I woke up this morning to my email being locked up again. I was online until pretty late last night and it was working fine when I went to bed. Another thing I have noticed is it seems to happen after I have seen H the previous night. Perhaps I am just being paranoid. I dunno. I can say that for 5 years I have never had this problem before. Much less to have it repeatedly. Really it isn't a big deal at this point it is just irritating.

Anyway, we had to go to court for S. H came in and sat next to me in the waiting area. Asked me a couple of questions. I was polite but didn't offer any other information or conversation. I had actually been reading. So then he goes and sits with his Father.

Once we get into the court room he comes and sits next to me again while his Father is in the row behind us. He did ask me a couple of questions. I finally shushed him. Not to be rude but because I couldn't hear. I don't think he was mad. I think he was having a hard time hearing too. Thing is though, he just sort of irritates me at this point. I have been trying to figure out what it is exactly and I think it is just his wishy washy way. He is interested in S but will not accept any responsibility at all. It is infuriating. I sort of feel like go away if you aren't going to help. Be a part of the solution or get out of my way and let me handle it. I guess I feel like he is judging me, watching. Again, not willing to help really. Just lording over me. That could just be my perception. Regardless it is how I feel though.

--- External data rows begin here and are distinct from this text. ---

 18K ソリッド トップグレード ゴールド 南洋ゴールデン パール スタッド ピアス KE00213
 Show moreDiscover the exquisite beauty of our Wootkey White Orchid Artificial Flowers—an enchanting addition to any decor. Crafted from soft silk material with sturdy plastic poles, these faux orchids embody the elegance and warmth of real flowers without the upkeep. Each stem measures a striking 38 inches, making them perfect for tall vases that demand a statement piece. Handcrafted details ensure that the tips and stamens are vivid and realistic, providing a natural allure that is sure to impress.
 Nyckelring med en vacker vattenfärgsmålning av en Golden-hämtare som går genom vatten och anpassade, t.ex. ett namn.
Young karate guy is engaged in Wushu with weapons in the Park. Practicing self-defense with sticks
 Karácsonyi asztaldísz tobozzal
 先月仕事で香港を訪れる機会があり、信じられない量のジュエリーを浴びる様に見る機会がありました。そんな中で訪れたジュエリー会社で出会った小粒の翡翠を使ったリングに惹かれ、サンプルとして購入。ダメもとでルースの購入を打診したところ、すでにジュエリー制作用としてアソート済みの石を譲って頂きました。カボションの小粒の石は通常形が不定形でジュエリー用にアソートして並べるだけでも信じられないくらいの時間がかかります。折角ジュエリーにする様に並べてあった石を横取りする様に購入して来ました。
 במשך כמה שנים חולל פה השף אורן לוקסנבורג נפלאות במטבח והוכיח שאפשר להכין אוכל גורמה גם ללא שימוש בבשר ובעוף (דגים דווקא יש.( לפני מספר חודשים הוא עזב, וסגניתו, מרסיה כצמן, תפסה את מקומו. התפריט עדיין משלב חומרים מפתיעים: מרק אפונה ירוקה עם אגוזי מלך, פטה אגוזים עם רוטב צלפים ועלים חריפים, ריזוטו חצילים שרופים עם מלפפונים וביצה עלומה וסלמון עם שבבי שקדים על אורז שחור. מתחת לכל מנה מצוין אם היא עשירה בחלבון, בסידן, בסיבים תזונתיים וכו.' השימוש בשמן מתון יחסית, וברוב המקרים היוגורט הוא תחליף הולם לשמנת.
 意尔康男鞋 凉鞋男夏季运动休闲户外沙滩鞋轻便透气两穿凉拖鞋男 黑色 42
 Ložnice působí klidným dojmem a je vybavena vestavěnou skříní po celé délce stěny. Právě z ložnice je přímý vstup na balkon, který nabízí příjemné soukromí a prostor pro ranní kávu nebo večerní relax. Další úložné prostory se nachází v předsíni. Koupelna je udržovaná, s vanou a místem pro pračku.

After it was over S came and sat with us for a few mins. He sat between us actually. Attorney came over too. H was again sort of craning around trying to hear my conversation with the attorney. Whatever. I am sure he is interested. One of the dumb things he did though was when they asked for H contact info in case they needed to get a hold of him - he lied. He gave a PO Box and his father's phone #. Now I think the court officials have basically decided not to give him any information. It's so convoluted. We talked to S for a few minutes then I had to go back and speak with the Juvenile Justice probation officer. H could have come in, could have gotten involved but instead he stood in the doorway there listening but never participating. So frustrating.

Once she and I finished talked I just walked out. Didn't say much else. Not bye not anything. Just left.

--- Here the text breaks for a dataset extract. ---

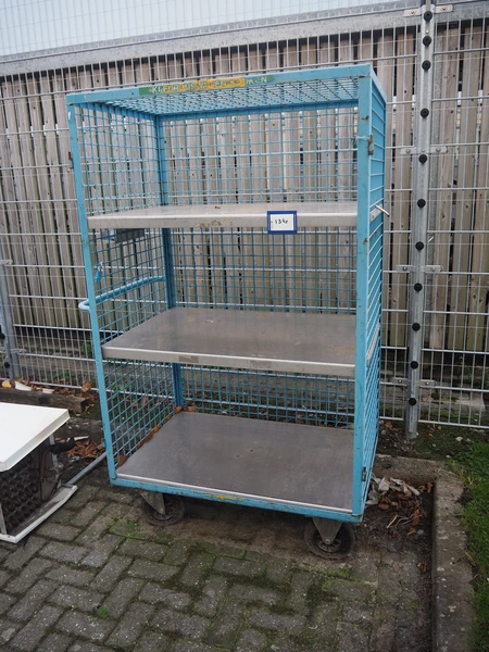 Steel trolley, 3 floors, floor dimensions: 1020 mm x 670 mm, total dimensions: 1150 mm x 700 mm x 1770 mm.

H father called me later asked exactly what had happened apparently he couldn't hear either. It was only a 2 min conversation according to the timer on my phone. Sadly, they are not speaking to me after H told them I had said, "D's were not allowed there and it wasn't their family." A lie. Regardless, they (Father in law and H step mother) are being rather rude at this point. Not sure I mentioned that they live next door to us. So literally I can holler and they can hear me. I don't think they intend to even see the D's for Xmas. I dunno. If they do they haven't said a thing to me. Of course, I guess that's hard to do when you're holding a grudge and won't speak to someone.

That was my day as far as interaction went. S called later. He is really reaching out to me which he hadn't been for a bit.

D's are doing a bit better but still very upset at S being gone. Very upset. It is further compounded by the fact they are not allowed to visit him.

I am doing pretty good. The D's and I make Xmas cookies and buckeyes this evening. If you can call them that. We were pretty much a kitchen fail but had fun anyway.

I still felt the connection with the attorney and that makes me uncomfortable on some level. I like it some too though. Hard to quantify those feelings.

I'm tired tonight and the D's are all getting some sort of horrifying cold. Here's hoping I don't get it as well. My state of mind isn't great when I am feeling bad.

Can I just say though that overall today wasn't a bad day. Not a great day though. I am still not experiencing much anger or anything at this point. Actually no anger. Some frustration. I guess where I feel like I am doing all the work myself. Otherwise though, things are alright. If I can just get my S home things will be great!